UBS AG, the European bank hardest hit by subprime-related losses, slid 4.4 percent and Woori Finance Holdings Co., which controls the second-largest bank in South Korea, tumbled 7.5 percent after Republicans said they wouldn't support the proposed rescue plan. WaMu plunged 92 percent as JPMorgan Chase & Co. acquired its branch network for $1.9 billion. Vestas Wind Systems A/S retreated 9.2 percent after Morgan Stanley cut its recommendation for the world's biggest wind-turbine producer.
Europe's Dow Jones Stoxx 600 Index decreased 2.7 percent to 263.79 at 1:37 p.m. in London, extending the drop this week to 5.2 percent.
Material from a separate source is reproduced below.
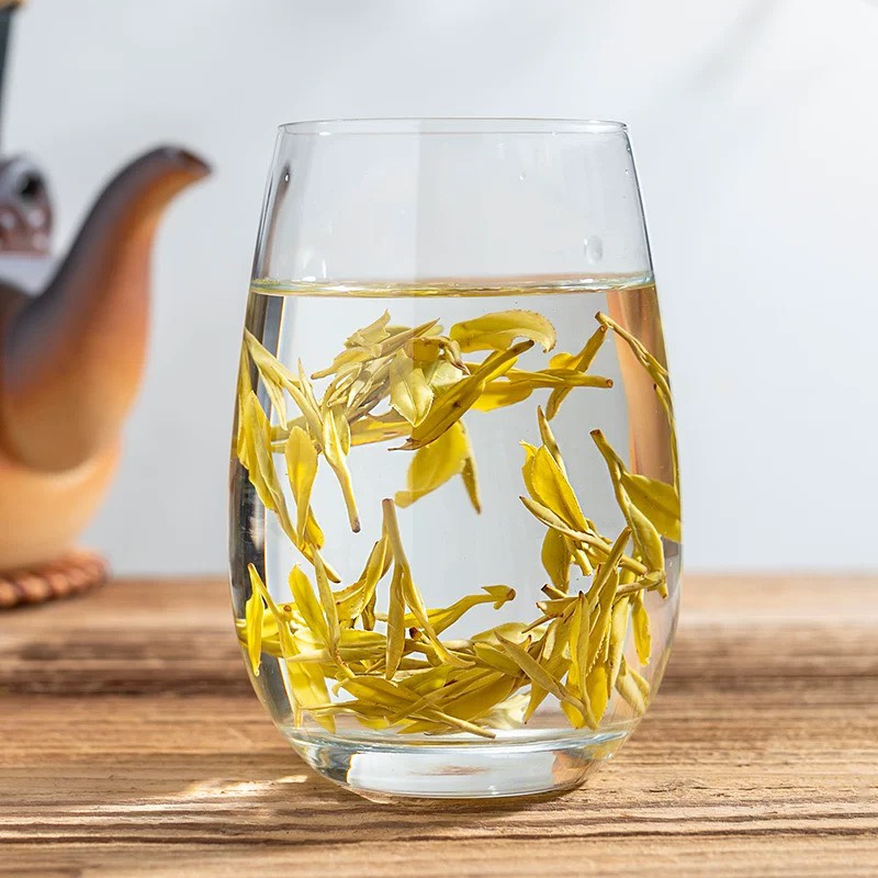 Lục Trà Hoàng Kim Nha tình cờ được phát hiện vào những năm 1990 bởi Trương Vạn Lý ở thành phố Dư Diêu, Chiết Giang trong một cánh đồng trà gần đó. Sau hơn mười năm chọn lọc và lai tạo, với sự hỗ trợ của các bộ phận liên quan của Đại học Dư Diêu, đã cho ra đời giống trà bạch tạng quý hiếm và là giống trà biến thể màu vàng duy nhất được trồng ở Trung Quốc..

Futures on the Standard & Poor's 500 Index expiring in December sank 2.2 percent, while the MSCI Asia Pacific Index slipped 0.5 percent.
Stocks extended losses after a report showed the U.S. economy expanded at an annual rate of 2.8 percent in the second quarter, slower than the previously estimated 3.3 percent.
U.K. stocks dropped, led by banks, after negotiations on the $700-billion plan to bail out financial markets in the U.S. stalled. The benchmark FTSE 100 index fell 116.52, or 2.2 percent, to 5,080.50 as of 12:35 p.m. in London, headed for a weekly loss of 4.3 percent.
China's stocks rose, with the benchmark index advancing for the first week in nine, after the government stepped up support for the world's second-worst performing market this year. The CSI 300 Index, which tracks yuan-denominated A shares listed on China's two exchanges, advanced 20.13, or 0.9 percent, to 2,243.66 at the close.
Indian stocks fell, with the benchmark posting its biggest weekly drop in six months, after talks on a U.S. credit market rescue plan stalled and Washington Mutual Inc. became the biggest bank failure in American history. The Bombay Stock Exchange's Sensitive Index, or Sensex, fell 445, or 3.3 percent, to 13,102.18.
Japan's Nikkei 225 Stock Average lost 0.9 percent to 11,893.16. New Zealand's NZX 50 Index declined 1.6 percent after the economy contracted in the second quarter, driving the nation into its first recession in a decade.